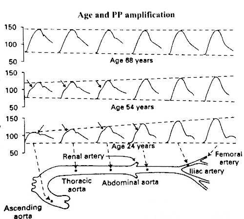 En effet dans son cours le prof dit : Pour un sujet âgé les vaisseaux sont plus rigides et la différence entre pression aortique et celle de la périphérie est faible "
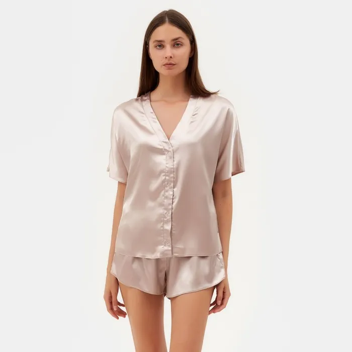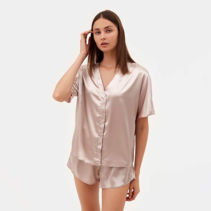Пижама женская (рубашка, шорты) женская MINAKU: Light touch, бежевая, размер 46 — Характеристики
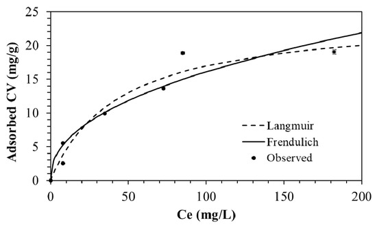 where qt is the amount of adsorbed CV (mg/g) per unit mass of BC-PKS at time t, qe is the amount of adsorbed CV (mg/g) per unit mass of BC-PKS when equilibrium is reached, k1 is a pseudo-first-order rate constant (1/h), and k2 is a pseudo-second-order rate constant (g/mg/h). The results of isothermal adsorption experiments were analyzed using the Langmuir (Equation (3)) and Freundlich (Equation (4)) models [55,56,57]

...

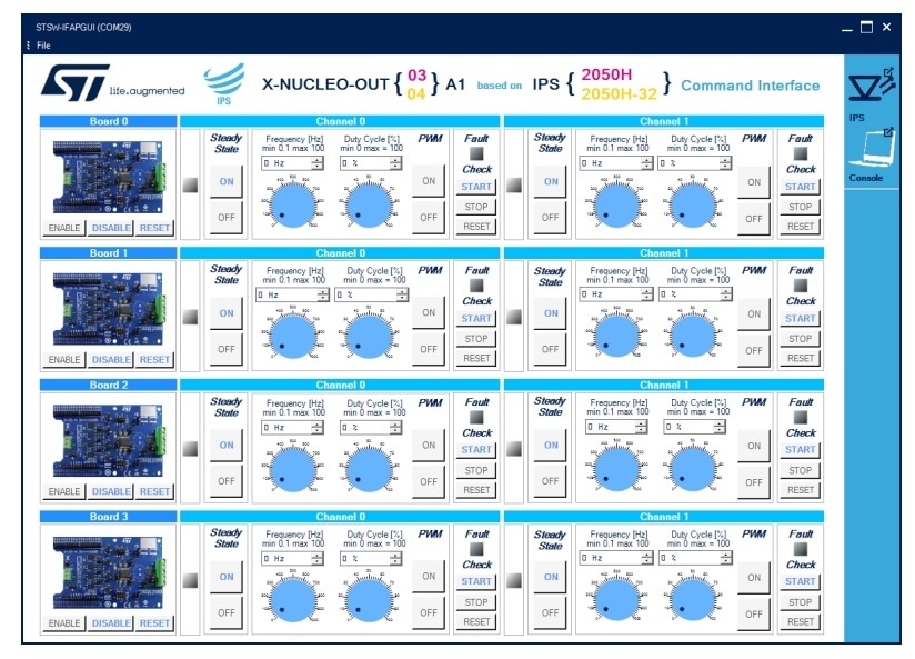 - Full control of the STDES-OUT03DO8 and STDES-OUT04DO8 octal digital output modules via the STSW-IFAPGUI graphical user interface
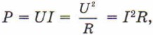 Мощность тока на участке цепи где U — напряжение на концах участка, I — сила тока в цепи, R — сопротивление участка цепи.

> **Work item**
Set down word for word the lines above from the one with "- Full control" up to and including the one with "Мощность тока на". Omit every picture.

> **Finished task**
 - Full control of the STDES-OUT03DO8 and STDES-OUT04DO8 octal digital output modules via the STSW-IFAPGUI graphical user interface
 Мощность тока на участке цепи где U — напряжение на концах участка, I — сила тока в цепи, R — сопротивление участка цепи.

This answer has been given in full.